Dabei formuliert Czechowski an mehreren Stellen durchaus Skepsis gegen Stellenwert und Wirkung der Poesie: "Das Wunderbare der Poesie / Ist nichts als eine der schönen / Illusionen, die Zeit zu besiegen." Das Schreiben zudem sei "nichts / Als der Versuch, ein Irrlicht zu bannen, / Das überm Stadtgottesacker tanzte und tanzt". Diese Wendungen führen weitaus eher ins Zentrum der Arbeit Czechowskis als die ja durchaus zutreffende und durch die Schlussstellung im Band hervorgehobene Klage, mit der Niederlage der zuletzt abgelehnten DDR sei ihm auch das Publikum verloren gegangen, in "Deutschlands Osten, wo kein Mensch / Noch meine Bücher liest". Derlei Äußerlichkeiten, wie bedeutend auch immer für den Autor, dem sein Resonanzraum verloren ging, treten zurück hinter der radikalen Infragestellung des Ichs, das hier spricht.
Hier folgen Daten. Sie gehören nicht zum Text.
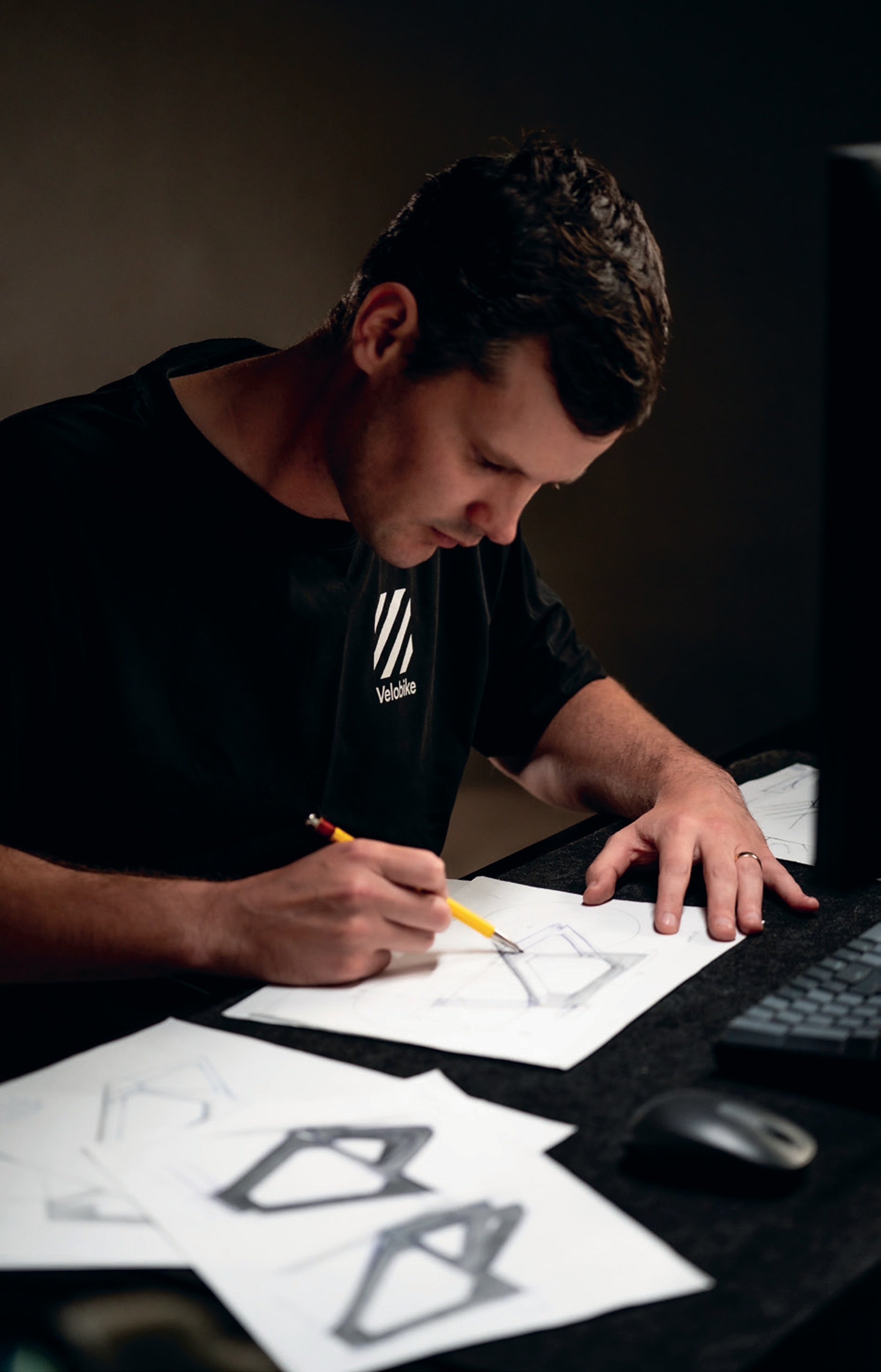 The Velobike range has grown over the years, beginning with chainrings and now encompassing specialist parts across a whole track bike, from cogs to handlebars and everything in between. Although they’ve had an almost complete range, there’s been one item that Glenn has been patiently developing to bring the selection of components together: an in- house-developed track-racing frame that adheres to his modular design philosophy, taking his learnings from the last eight years and bringing them to life.

Indem der Wert der Poesie fraglich wird, wird ein Lebenswerk fraglich; im Schreiben als Versuch zu bannen würde das Konkrete, Irrlichternde fassbar und getötet zugleich. Gelingendes Schreiben bedeutete damit für das Ich, das für sich sagt: "Das Nichts / War mein bester Begleiter", das Ende des Gelingens. Wo der Zerfall des Ich anschaulich würde, da hingegen wäre das Gedicht gelungen. Czechowski fasst das ins wohlformulierte Paradox: "Mitunter / Verfolge ich mich, ein Jäger, / Der dem Gejagten entkommt." Im voranstehenden Gedicht ist ein Schlüssel geliefert: "Du / Hast kein Ziel, dein letztes / Unterkommen: die Angst / Vor dir selbst." Sich, auch begrifflich, auf das fremd gewordene Ich zu beziehen, stabilisiert es zugleich, ist Erkenntnis und Schutz in einem.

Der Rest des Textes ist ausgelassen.